- Born: 26 November 1996 (age 29) Prague, Czech Republic
- Parent(s): Petr Kellner Renáta Kellnerová

= Anna Kellnerová =

Czech equestrian (born 1996)

Anna Kellnerová (born 26 November 1996) is a Czech show jumping rider and businesswoman. She represented the Czech Republic at the 2020 Summer Olympics in Tokyo and has won multiple Czech junior and young rider championships. She is also a shareholder of PPF Group and has served on its supervisory board since 2026.

== Equestrian career ==
Kellnerová obtained her competition licence at the age of 12 and began competing in 2009. She won the Czech junior team championship in 2012 with Zonny and the individual junior championship in 2013 with Curley Sue. Riding Bacara de la Ferme Blanche, she subsequently won the Czech championship in the young riders category in 2014 and 2015.

Kellnerová represented the Czech Republic at European junior and young rider championships. Riding Kashmir, she finished 31st at the 2014 European Junior Championships in Arezzo, narrowly missing qualification for the individual final. She later competed at the European Young Riders Championships, finishing 51st with Classic at the 2016 championship in Millstreet, Ireland.

From 2015 to 2021, Kellnerová was coached by former Irish Olympic show jumper Jessica Kürten, a partnership that spanned her progression from young-rider competition to her Olympic debut.

=== International career and Olympics ===
In 2017, Kellnerová joined the Berlin Lions in the Global Champions League, alongside fellow Czech rider Aleš Opatrný. Riding Classic, she helped the team finish third at the London round, its first podium finish of the season. The team became the Prague Lions for the 2018 season. In April 2018, Kellnerová and Gerco Schröder won the Miami Beach round of the Global Champions League for the team.

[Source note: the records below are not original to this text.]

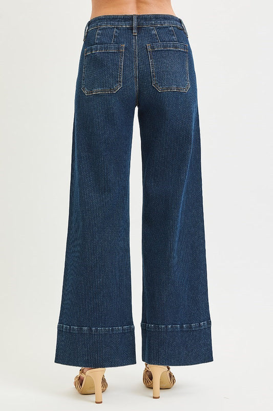 High Rise Pin Tuck Wide Leg Jeans
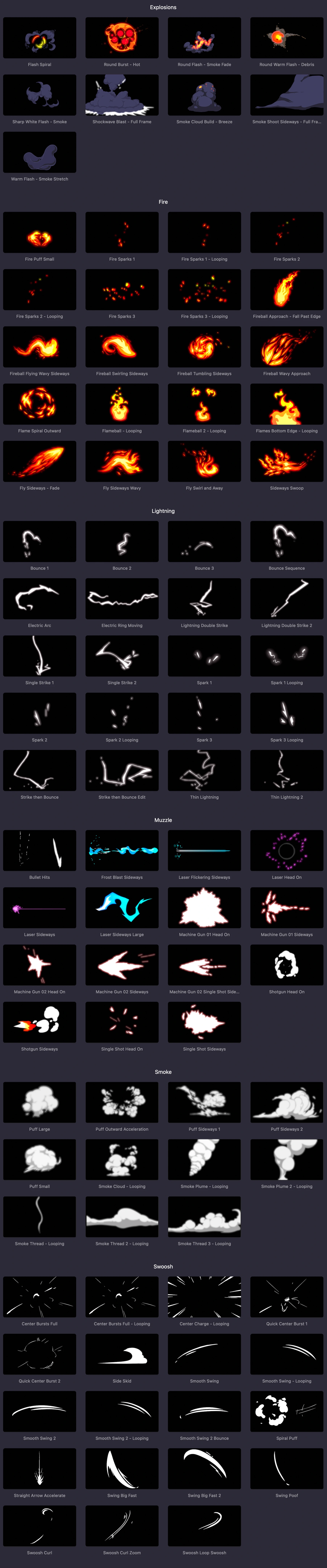 FCPX中文插件-94个手绘二维卡通手绘烟雾火焰闪电爆炸射击MG动画预设 The Luut Action Pack
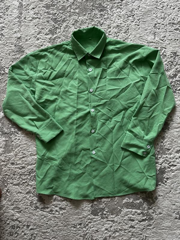 Рубашка в красивом оттенке зеленого цвета. Будет хороша на размер ХС-С. Хорошо смотрится если одевать поверх топа и носить расстегнутой. Имеет чуточку катышек, но машинкой можно убрать.
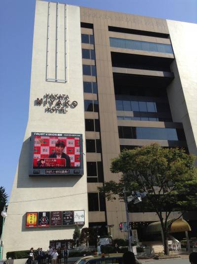 博多駅から筑紫口を出るとロータリーを渡ってすぐの所にあります。転勤前の宿泊で、乳児連れなので、和室を利用しました。7.5畳なので、布団を3つ敷くと一杯で決して広くはないのですが、駅前で便利でした。お風呂もトイレとセパレートで、洗面台も別にあり、狭いながらも工夫がされています。朝食も明るく・広い会場でバイキングで快適でした。決して新しくはないのですが、いいホテルだと思います。
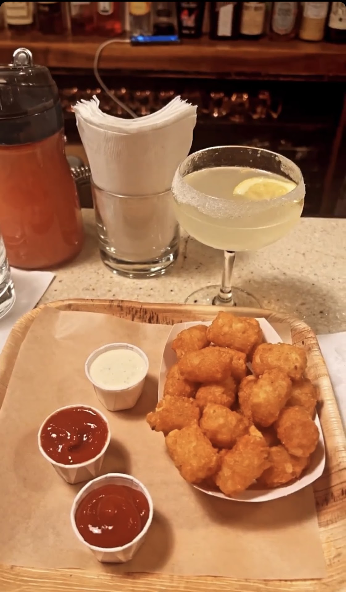 Ambience: The place is small. It has 3 tables that seat people, and a couple of bar stools at the bar. Everyone else stands. I do not mind it particularly much, because we usually stay over for a drink or two and move some place else, but I believe it would be bothersome to spend the entire evenings standing.
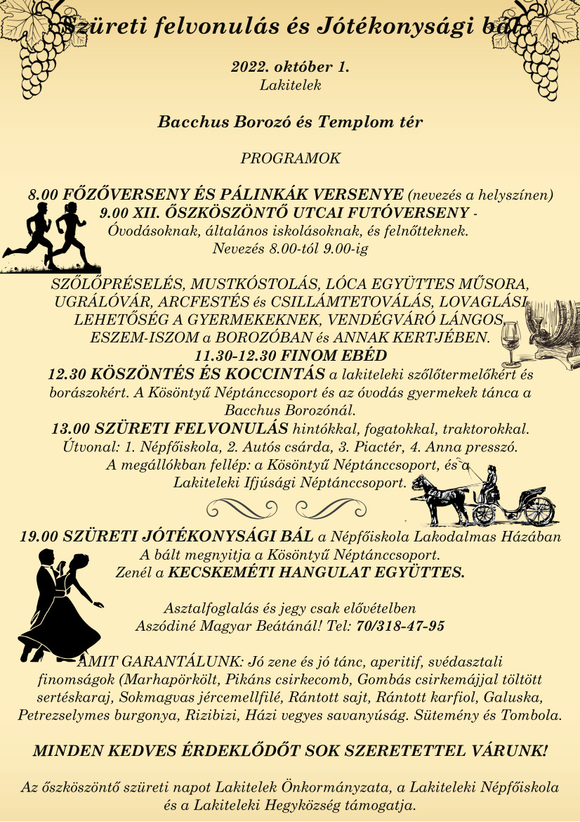 A lakiteleki óvoda szervezésében október 1-jén megrendezésre kerül a szüreti felvonulás és az azt követő jótékonysági bál. Az eseményen a Hungarikum Liget is kiemelt szerepet kap, hiszen a szüreti felvonulás 1. állomásaként szolgál, ahol megtekinthetik az érdeklődők a Kösöntyű Néptánccsoport és a Lakiteleki Ifjúsági Néptánccsoport előadását. A délutáni rendezvények zárásaként szeretettel invitáljuk Önöket a szüreti bálba, amely a Lakodalmas Házunkban lesz.
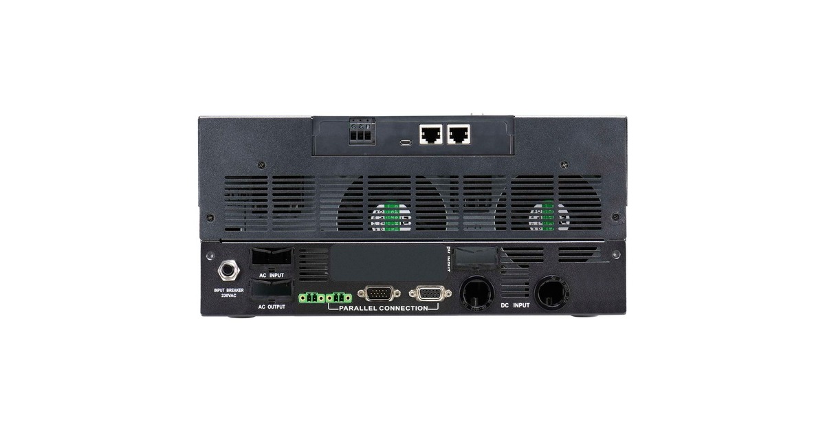 Der PowerWalker Off-Grid Solar-Wechselrichter 5000 ZRO OFG mit Doppelwandlertechnologie und Null-Übertragungszeiten kann mit einem Generator oder mit einer PV (Photovoltaik) Anlage als Stromquelle verwendet werden und ermöglicht ein schnelles Aufladen der vier externen Batterien (nicht enthalten). Er koordiniert die eingehende Leistung des Stromnetzes, die Energieerzeugung der Solaranlage und die gespeicherte Energie im Batteriesystem. Der Solar-Wechselrichter kann dann alle Arten von Geräten zu Hause oder im Büro mit Strom versorgen, einschließlich motorbetriebener Geräte wie Röhrenlampen, Ventilatoren, Kühlschränke und Klimaanlagen. Er generiert einen reinen Sinuswellenausgang für eine breite Palette von Anwendungen. Das übersichtliche LCD-Display ermöglicht eine benutzerkonfigurierbare und leicht zugängliche Bedienung, wie z.B. den Batterieladestrom und die Priorität des AC-/PV-Ladegeräts. Der Solar-Wechselrichter 5000 ZRO OFG kann mit der Smartphone-App WatchPower von PowerWalker verwaltet werden. Art.-Nr.: 1858351
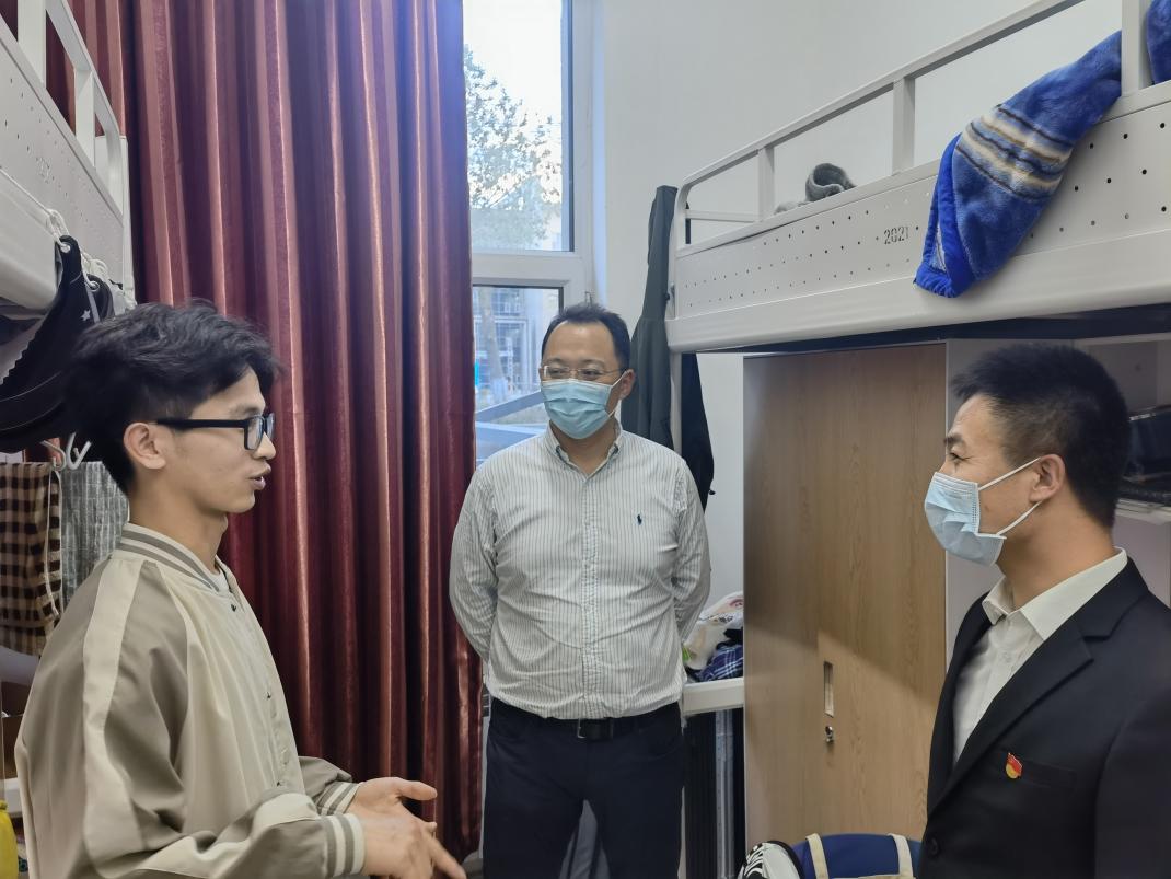 走访开始,吴严书记详细了解了同学们的寝室居住情况,对同学们日常公司生活情况进行了仔细询问,提醒同学们在学习生活中遇到问题时要及时向公司反馈,公司将会第一时间回应同学们关切,并勉励大家珍惜同寝生活、同班学习的情谊,多与老师和高年级学长交流,共同进步,共同迎接美好的未来。在2020级本科生寝室,田浩经理与强基计划的同学们进行了亲切交谈,询问近期的学习生活情况,了解同学们日常学习中遇到的困惑,并就人才培养回答了同学们关切的问题。田经理告诉同学们要规格严格,功夫到家,大力发挥基础学科优势,扎根东北,爱国奉献,努力成长为服务国家重大战略的拔尖人才。

In May 2019, Kellnerová fractured her femur in a fall with Catch Me If You Can during a Global Champions League event in Madrid. The injury kept her out of competition for several months and disrupted her Olympic qualification campaign. She returned to international competition and, in August 2020, fulfilled the minimum eligibility requirements for the Olympic Games with Catch Me If You Can at the Nations Cup in Prague.

Kellnerová represented the Czech Republic in both the individual and team jumping competitions at the 2020 Summer Olympics in Tokyo. Riding Catch Me If You Can, she finished 55th in the individual qualifier, while the Czech team placed 14th in the team qualifier.

Since 2021, Kellnerová has also served as manager of the Prague Lions while continuing to compete internationally for the team in the Global Champions League. The Prague Lions had their most successful season to that point in 2022, winning three Global Champions League rounds and finishing third in the overall standings. Kellnerová rode Catch Me If You Can at the Prague Playoffs, where the team reached the Super Cup final for the first time and finished sixth.

Under Kellnerová's management, the Prague Lions reached the Super Cup final again in 2023 and 2024, finishing fourth on both occasions. In 2023, Kellnerová and Belgian teammate Pieter Devos finished second in the Miami round of the Global Champions League.

=== Catch Me If You Can ===
Catch Me If You Can Old is a bay Oldenburg mare born in 2008, sired by Catoki out of Agentin, whose damsire was Acordplus. Before joining Kellnerová, the mare competed internationally with German rider Laura Klaphake. The pair competed at the 2017 European Show Jumping Championships in Gothenburg and were members of the German team that won the Nations Cup at CHIO Aachen in 2018. Later that year, they won the team bronze medal at the 2018 FEI World Equestrian Games in Tryon, where they also finished 14th individually.

Catch Me If You Can was transferred to Kellnerová at the end of 2018. The mare subsequently became Kellnerová's principal championship horse. They represented the Czech Republic at the 2020 Summer Olympics in Tokyo and continued competing together at five-star level, including in the Global Champions League. Catch Me If You Can was retired from competition at the end of 2024, after six years with Kellnerová.

== Business activities ==
Kellnerová is a shareholder of PPF Group, the investment group founded by her father, Petr Kellner. In 2026, she joined the group's supervisory board following the relocation of PPF's holding structure from the Netherlands to the Czech Republic.
== Personal life ==
Kellnerová was in a relationship with Czech businessman Daniel Křetínský from 2017 to 2023.